Fibrinogen breakdown, long-lasting systemic fibrinolysis, and procoagulant activation during alteplase double-bolus regimen in acute myocardial infarction.

Recent clinical studies comparing accelerated versus bolus administration of alteplase tissue plasminogen activator (t-PA) suggest similar thrombolytic efficacy, but reveal higher bleeding complications among older patients during the double-bolus regimen. The objective of the present study was to characterize the hemostatic profile of t-PA administered as double-bolus doses of 50 mg, at intervals of 30 minutes. Among 50 patients with acute myocardial infarction treated by double-bolus t-PA thrombolysis, coagulation and fibrinolysis parameters, as well as t-PA levels, were monitored. Monitored t-PA levels peaked at 5 and 35 minutes and were detectable within the therapeutic range even after 90 minutes.
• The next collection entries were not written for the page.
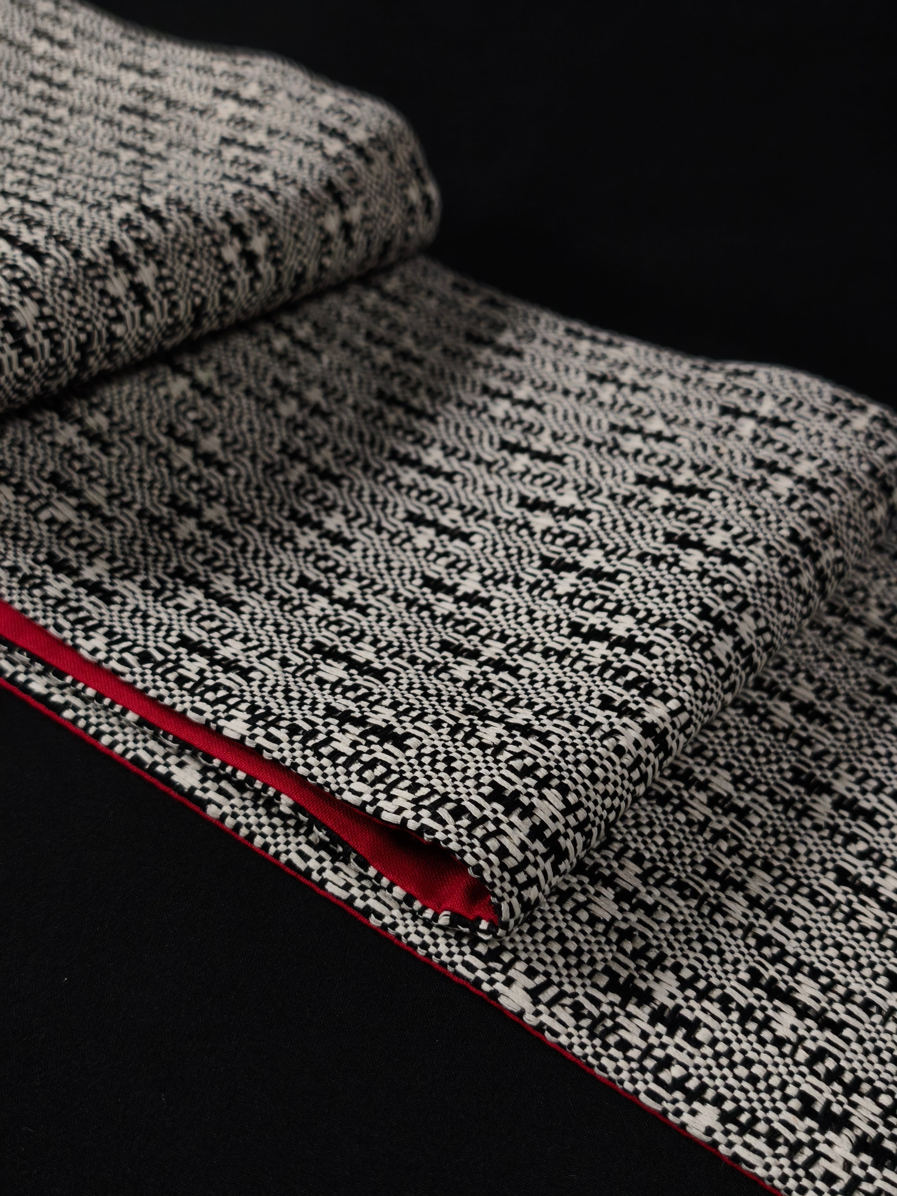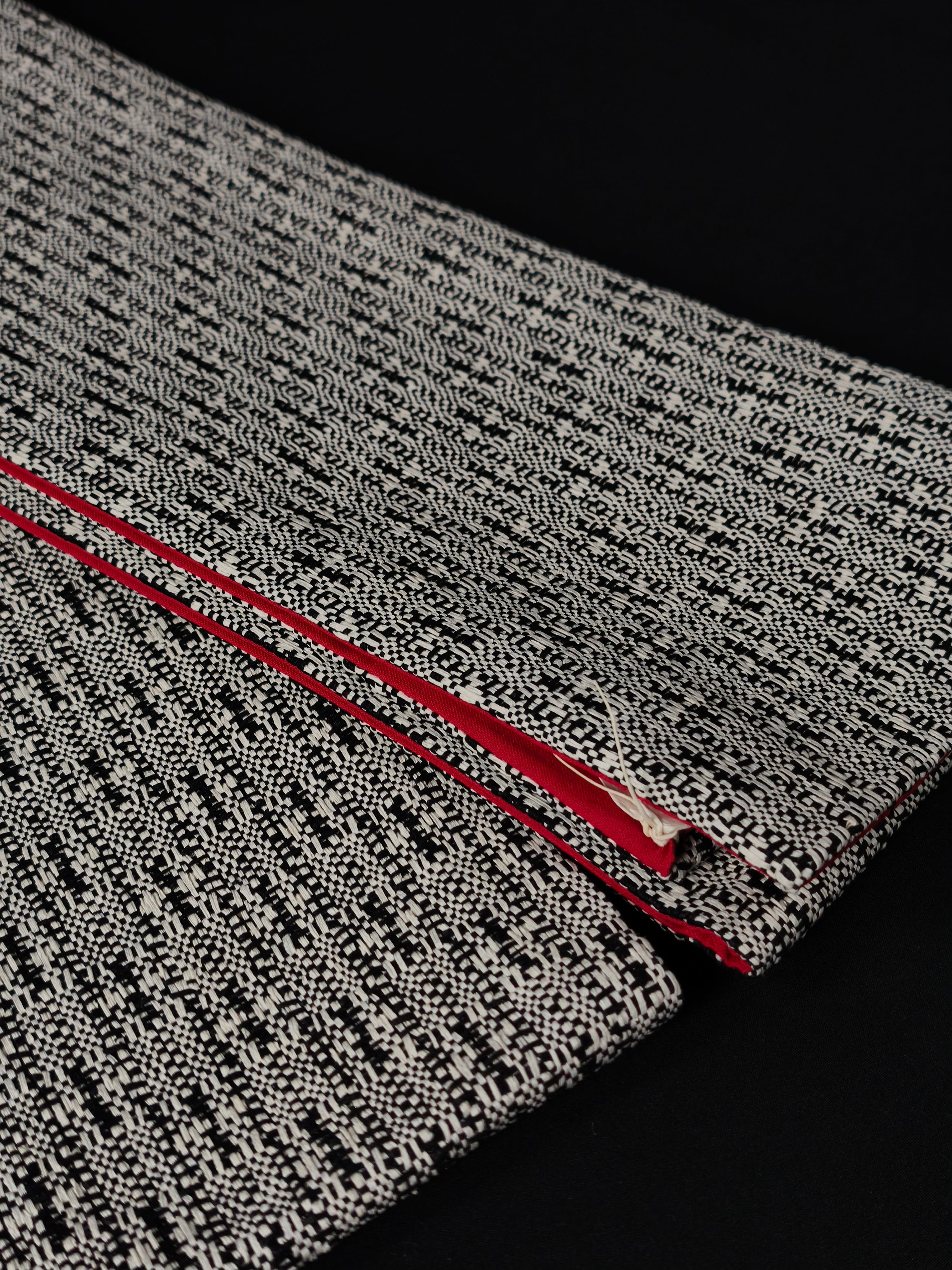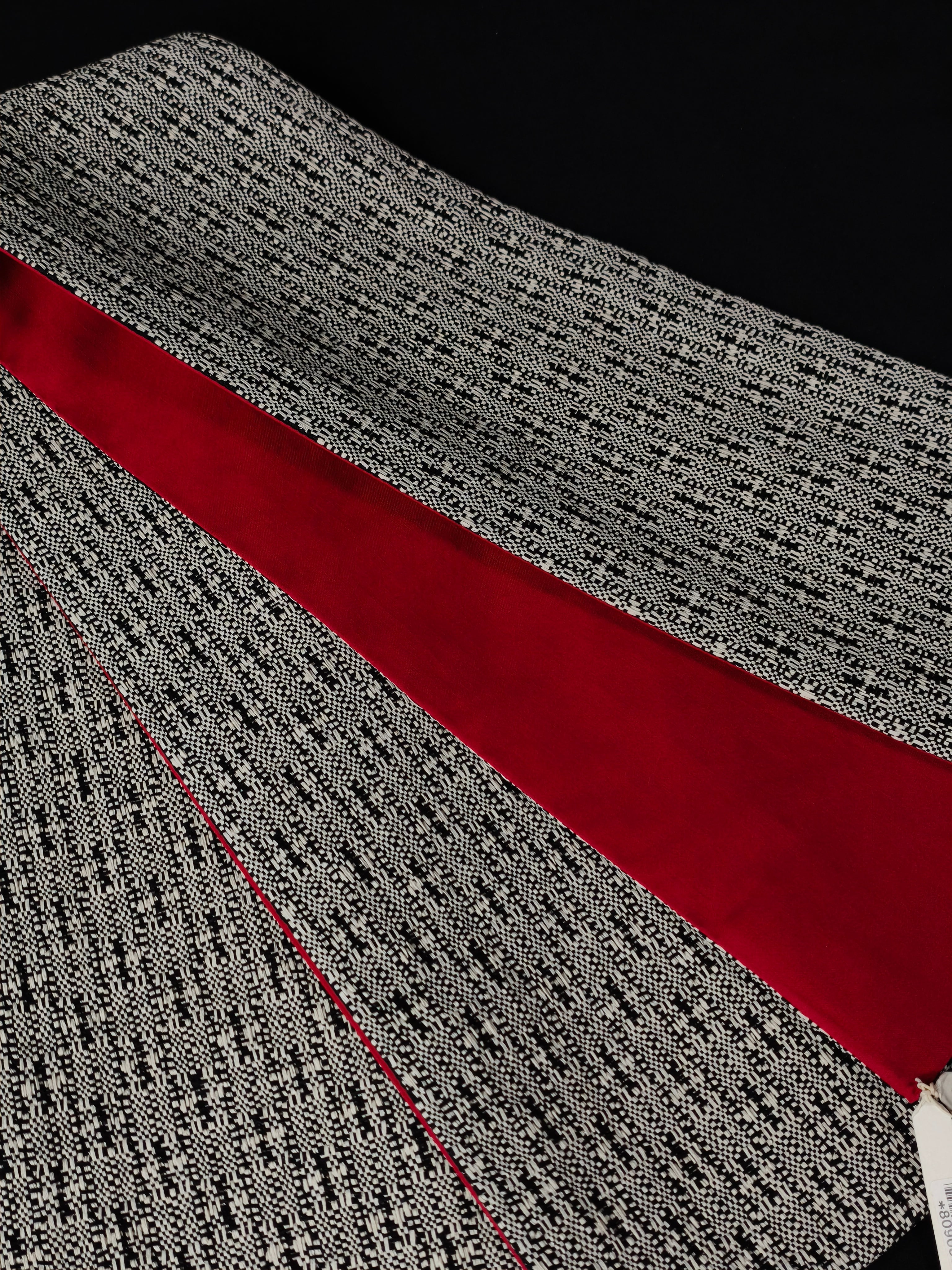 表は絹糸を束ねた糸で、色と黒の変わり格子に織られ、裏は緋色の綿生地が合わせられています。
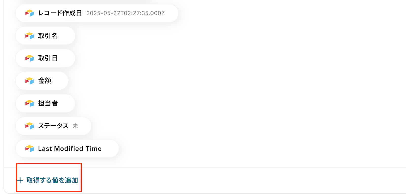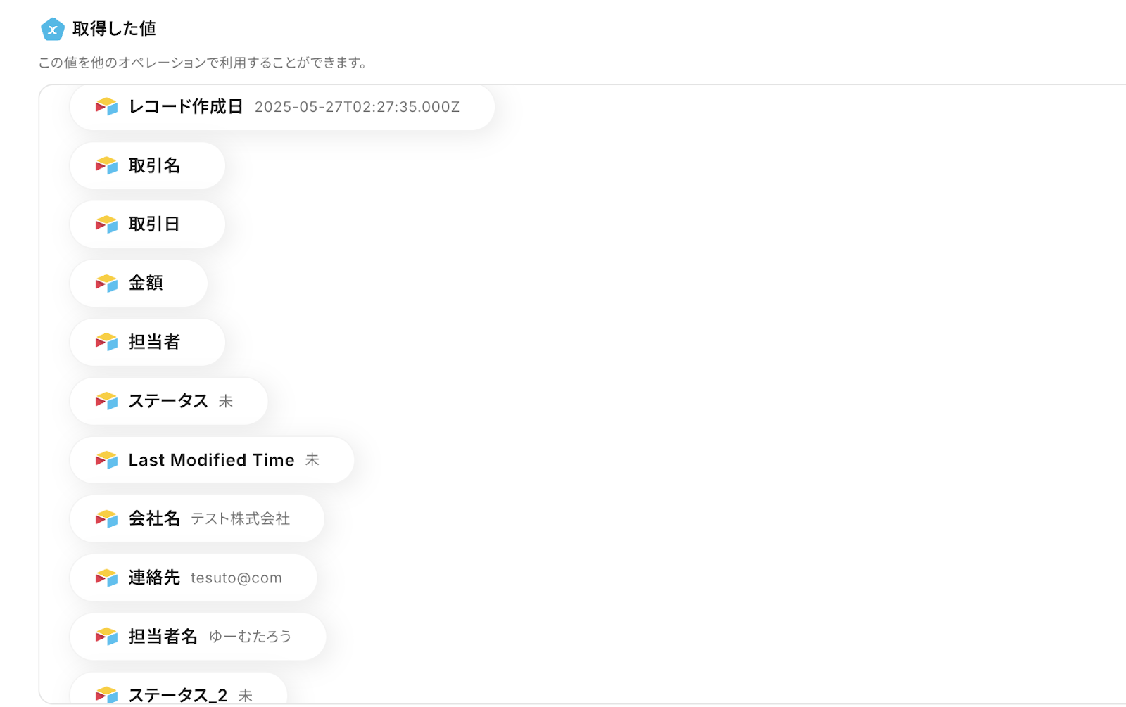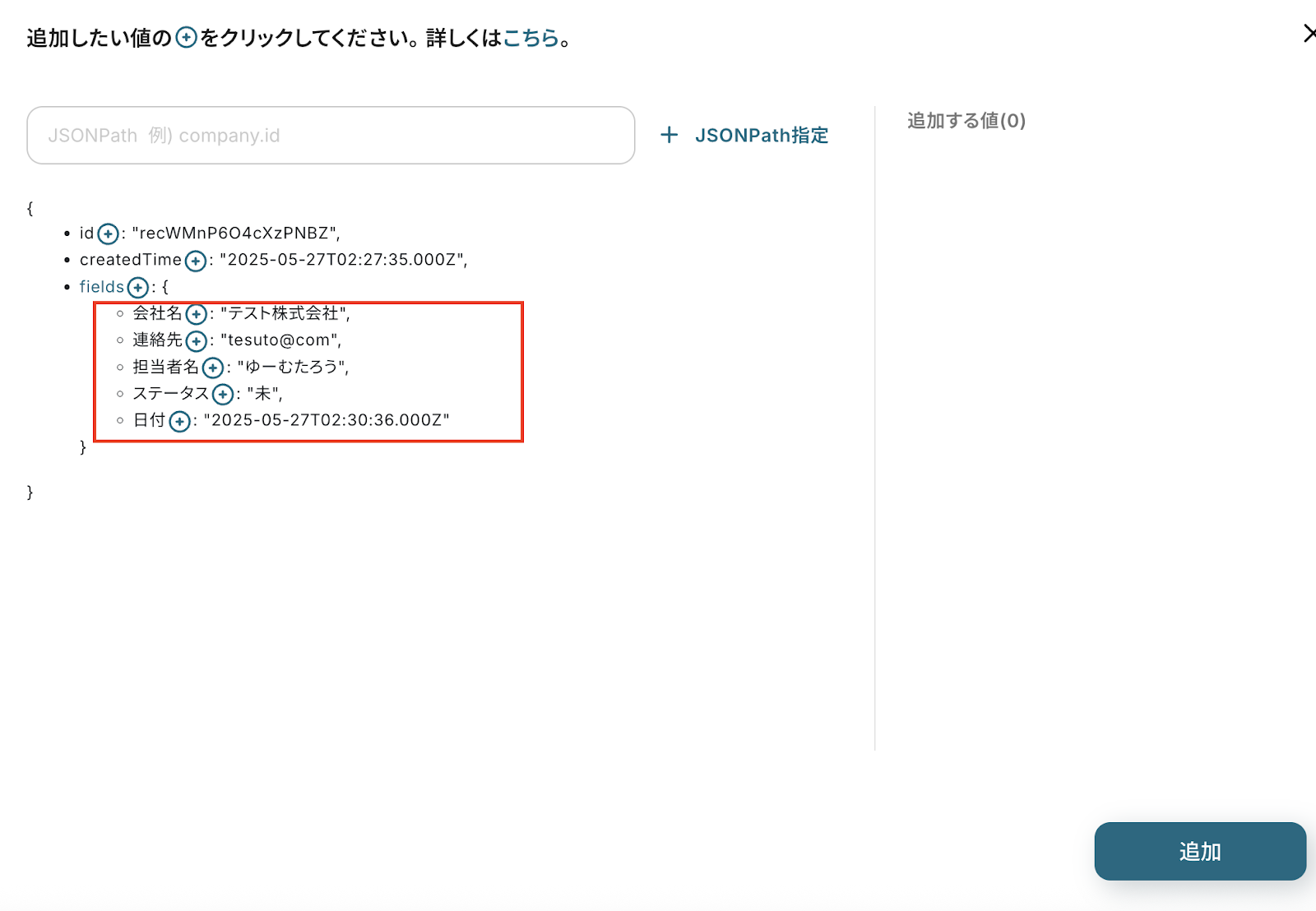 テストが成功したら、取得した値を追加をクリックし、Airtableの情報を手動で取得しましょう。
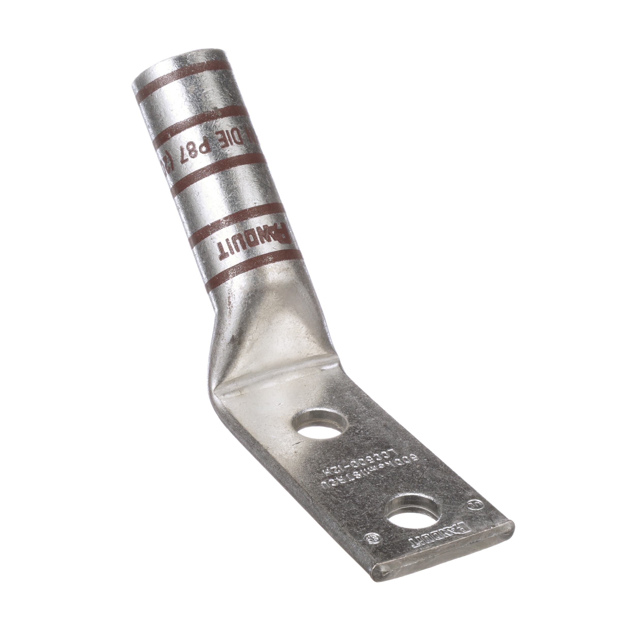Deux trou, long baril Cosse, 500 kcmil fil, 1/2 "trou goujon, 1 3/4" espacement trous, 45º plage de Raccordement.
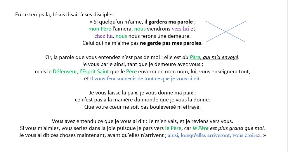 Nous voyons aussi dans ce texte que Jésus reste présent auprès de nous, notamment par sa Parole. Ainsi c’est une véritable catéchèse sur la Trinité qui nous est proposée : Le Père a envoyé le Fils. ll enverra aussi l’Esprit, au nom du Fils, c’est-à-dire en quelque sorte mandaté par le Fils. L’évangile poursuit : L’Esprit est le Paraclet, et St Jean dira ailleurs que Jésus est notre « avocat auprès du Père » (1 Jn 2,1).
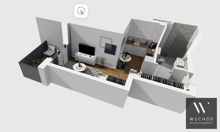 Mieszkanie składające się z kuchni, pokoju, łazienki oraz balkonu
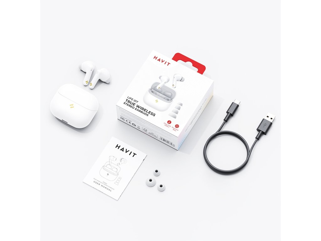 Havit bezdrátová sluchátka (TW982) – TWS, Bluetooth 5.4, mikrofon, ENC, USB-C, 400mAh, růžové
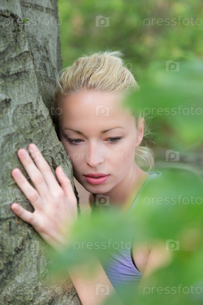 Молодая женщина обнимает дерево

Marked systemic fibrinolytic activation was indicated by 75% depletion of both plasminogen and fibrinogen, as well as by 19-fold and 300-fold increases of fibrin degradation and fibrinogen degradation products. Plasminogen-activator inhibitor activity was completely suppressed. Pronounced procoagulant activation was reflected by a 3.4-fold increase of both factor XIIa and prothrombin fragment 1+2, and by a threefold increase of thrombin-antithrombin complex. Independent of t-PA weight dosage, fibrinolytic activation was more pronounced among older patients (> or = 63 years). We conclude that t-PA after bolus administration has a long half-life. Double-bolus regimen leads to a long-lasting systemic fibrinolytic state, which is even more remarkable among older patients--a fact that may explain the higher bleeding complications reported for this age group.